======== Exercise data
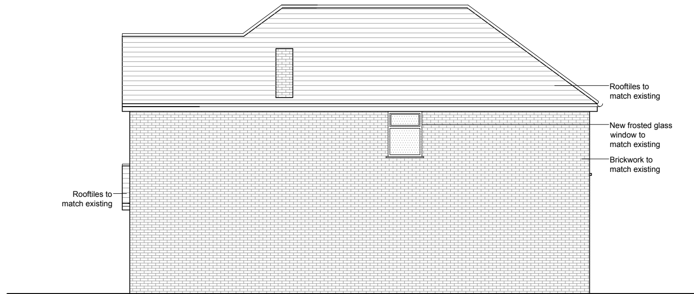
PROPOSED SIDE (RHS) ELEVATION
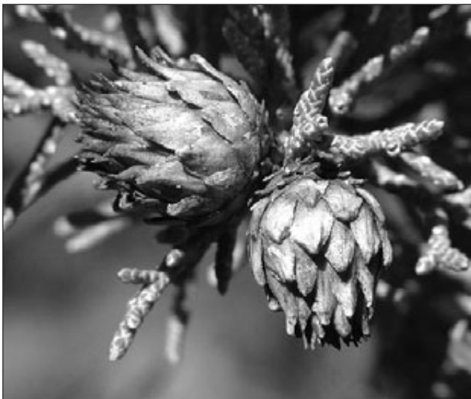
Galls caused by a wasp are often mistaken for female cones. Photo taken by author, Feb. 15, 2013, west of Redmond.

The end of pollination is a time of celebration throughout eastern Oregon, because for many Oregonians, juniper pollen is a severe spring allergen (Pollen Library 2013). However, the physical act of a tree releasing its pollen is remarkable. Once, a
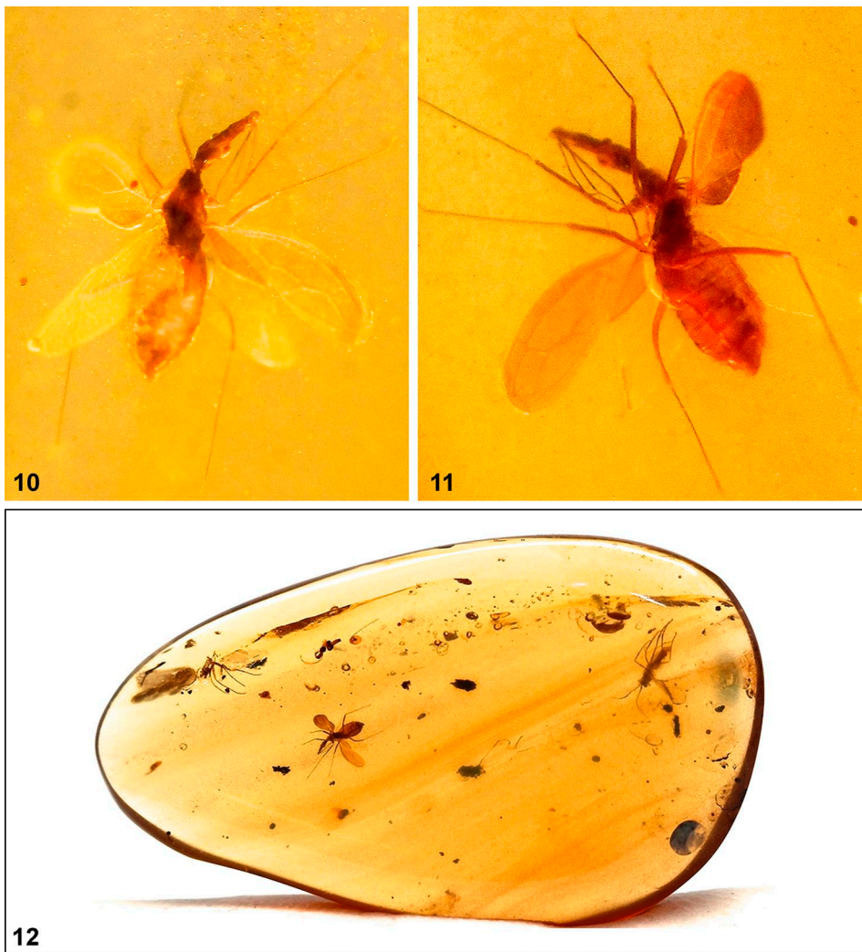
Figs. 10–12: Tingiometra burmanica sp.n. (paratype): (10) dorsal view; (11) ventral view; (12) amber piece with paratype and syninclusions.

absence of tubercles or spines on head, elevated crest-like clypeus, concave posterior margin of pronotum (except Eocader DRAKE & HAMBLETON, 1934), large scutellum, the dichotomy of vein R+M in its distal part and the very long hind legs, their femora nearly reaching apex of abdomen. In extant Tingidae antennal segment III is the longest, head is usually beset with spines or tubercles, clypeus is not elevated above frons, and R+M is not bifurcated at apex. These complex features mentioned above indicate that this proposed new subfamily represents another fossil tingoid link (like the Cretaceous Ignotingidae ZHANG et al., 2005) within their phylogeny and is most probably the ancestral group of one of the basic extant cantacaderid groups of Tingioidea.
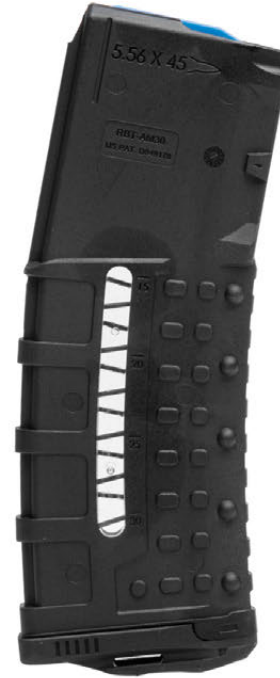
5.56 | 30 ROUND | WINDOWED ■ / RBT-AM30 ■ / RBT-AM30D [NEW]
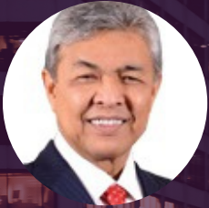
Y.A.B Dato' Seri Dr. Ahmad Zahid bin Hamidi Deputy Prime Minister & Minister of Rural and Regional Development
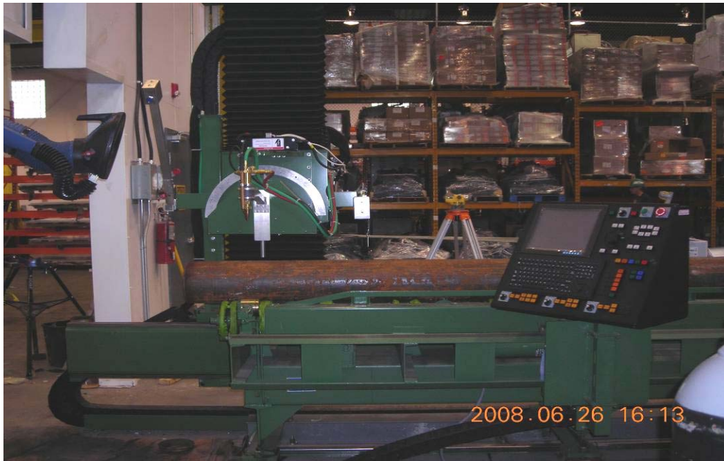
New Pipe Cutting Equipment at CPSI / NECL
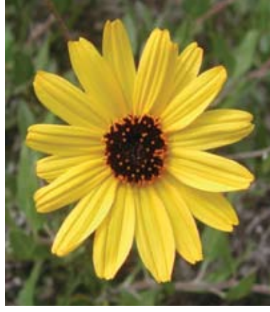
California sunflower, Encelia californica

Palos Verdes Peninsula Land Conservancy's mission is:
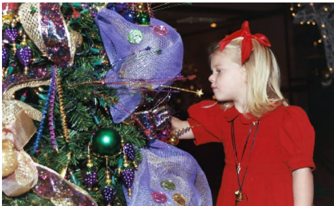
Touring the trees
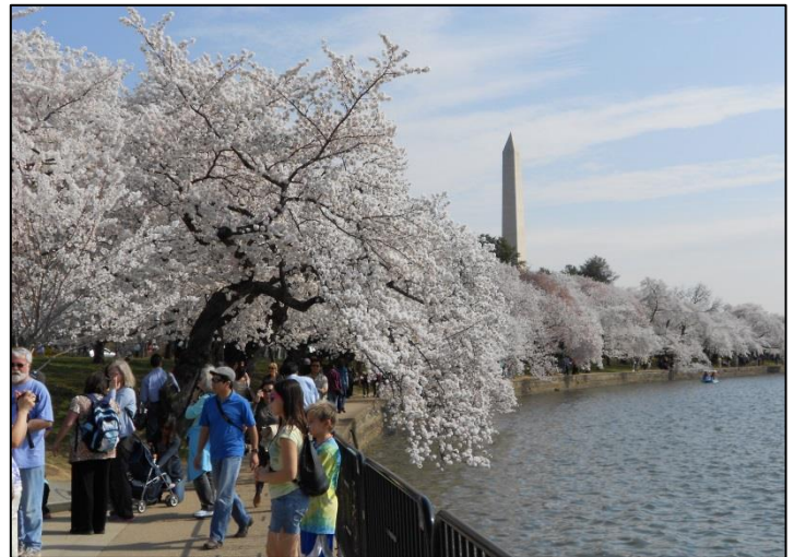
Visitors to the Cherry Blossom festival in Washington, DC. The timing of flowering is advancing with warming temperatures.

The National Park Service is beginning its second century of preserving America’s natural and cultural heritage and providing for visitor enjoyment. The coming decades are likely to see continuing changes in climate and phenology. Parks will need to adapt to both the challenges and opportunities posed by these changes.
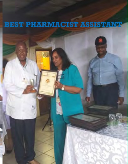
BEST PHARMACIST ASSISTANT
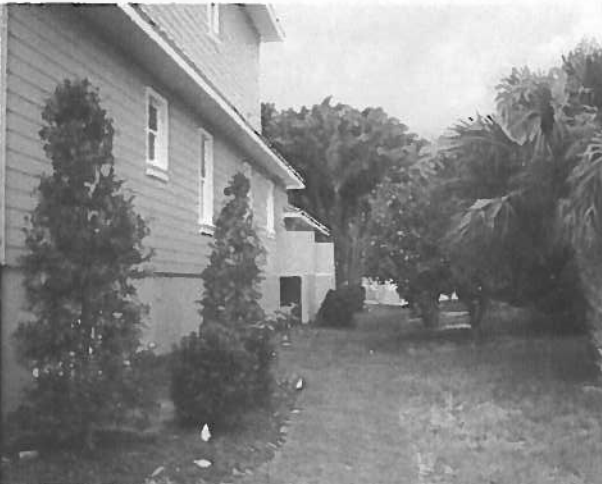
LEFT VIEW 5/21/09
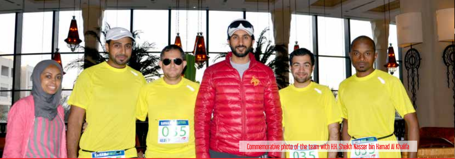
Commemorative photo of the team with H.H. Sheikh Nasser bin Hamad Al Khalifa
================
Required work => What is the exact wording of the lines from the one bearing "California sunflower, Encelia californica" through the final line of the records above? Write it out without the pictures.

Output for this task =>
California sunflower, Encelia californica

Palos Verdes Peninsula Land Conservancy's mission is:
Touring the trees
Visitors to the Cherry Blossom festival in Washington, DC. The timing of flowering is advancing with warming temperatures.

The National Park Service is beginning its second century of preserving America’s natural and cultural heritage and providing for visitor enjoyment. The coming decades are likely to see continuing changes in climate and phenology. Parks will need to adapt to both the challenges and opportunities posed by these changes.
BEST PHARMACIST ASSISTANT
LEFT VIEW 5/21/09
Commemorative photo of the team with H.H. Sheikh Nasser bin Hamad Al Khalifa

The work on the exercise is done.